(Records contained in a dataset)
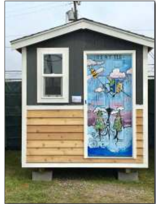
96-square-foot house, Licton Springs Village, Seattle.
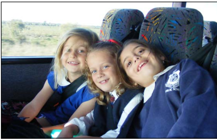
On the bus to Griffith for their Stage 1 Excursion
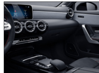
Light longitudinal-grain aluminium trim (Mercedes-AMG A-Class)
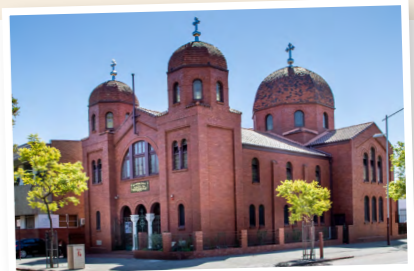
GREEK ORTHODOX CATHEDRAL

40 minutes The first Greek people who came to Australia arrived in the 1820s. There have been many waves of Greek migration since then. The largest periods of migration occurred between the 1950s and 1970s. The Greek Orthodox Church provided familiarity to the Greek migrants. They worked together to raise funds and build what is now the Cathedral of St Constantine and Helene. Northbridge has had centres for many different faiths, including Greek Orthodox, Jewish, Catholic, Muslim and Protestant.

■ **WHAT THE EXERCISE ASKS**
Please transcribe, word for word, every line from the first line of the records above through the line containing "GREEK ORTHODOX CATHEDRAL", and leave out any pictures.

■ **OUTPUT OF THE TASK**
96-square-foot house, Licton Springs Village, Seattle.
On the bus to Griffith for their Stage 1 Excursion
Light longitudinal-grain aluminium trim (Mercedes-AMG A-Class)
GREEK ORTHODOX CATHEDRAL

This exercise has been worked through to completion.